Teachers come in lots of different flavors, although most of them will not let you lick them to figure out what flavor they are.  This is a good thing because we learners also come in lots of flavors.  (You can pause here to lick your arm to detect your own flavor if you like.)  Some teachers are peanut butter to our chocolate, lox to our cream cheese, rosemary to our roast potatoes.  What we need to know comes flowing out of those teachers in ways that we can easily absorb.  The challenges become manageable with their help.

Then there are the kind of teachers who are cheddar to our peppermint, pickles to our fruit salad, or ice cream on our steak.  We can still learn from that second kind.  And, no, I don’t mean how to avoid them, although that is definitely a useful skill.  We can learn, by managing our attitudes, how to translate a totally foreign language into something we can understand.

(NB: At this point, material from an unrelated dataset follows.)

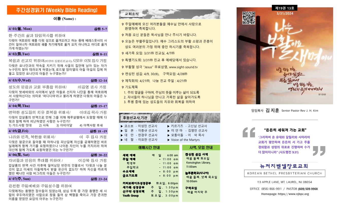 | 주간성경읽기, 교회 소식 4월 7일 (0) | 2024.04.07 |
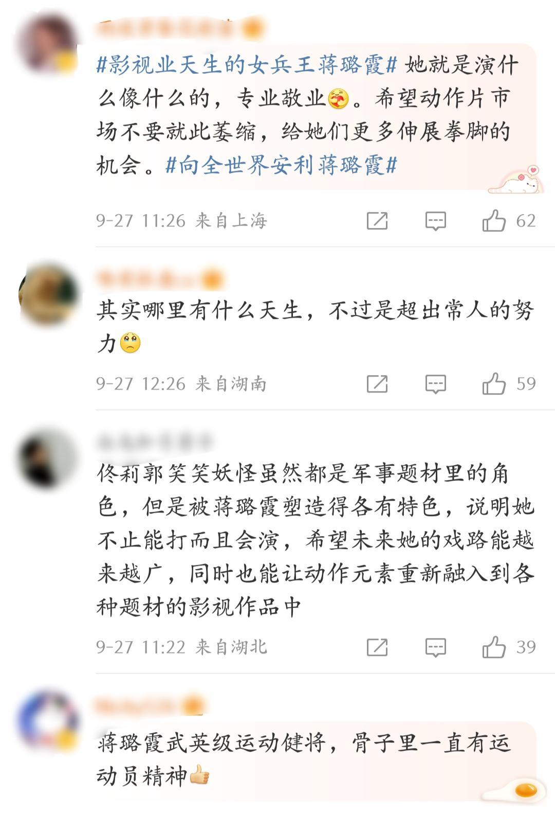網友紛紛評論蔣璐霞,“女兵王蔣璐霞!姜璐霞真的是在鍛煉,為了演好每一個角色,挑戰自己的極限。她飾演的女兵,真能看出女兵的堅韌,而且她是女人,不讓男人的氣質真的很棒,國內的娛樂圈需要這么好的演員。”

While I was away on vacation, my son T.R. and I took a ski lesson together because we both want to improve.  Our instructor was blunt.  T. does better with a more encouraging style of teaching.  He heard that he was less competent than he thought he was and took that to mean that he was less competent than he really is.  It took a couple of days for him to process what the instructor said into something he could use, and even then he did better at applying what the instructor told me to do.  He made the best of a less than ideal situation.  And next time I would choose a different instructor for him.

For me, the bluntness worked.  Sure, my ego hurt a bit, but I came to the lesson knowing that I needed to learn and that I was not able to figure that out by myself.  Bluntness saves time.


My point, and yes, there is one in there somewhere, is that we, as learners have the responsibility to find the lessons.  When I am wearing my instructor/trainer/teacher hat, I try to make those lessons fun and accessible.  I do that by remembering that I am a learner, too.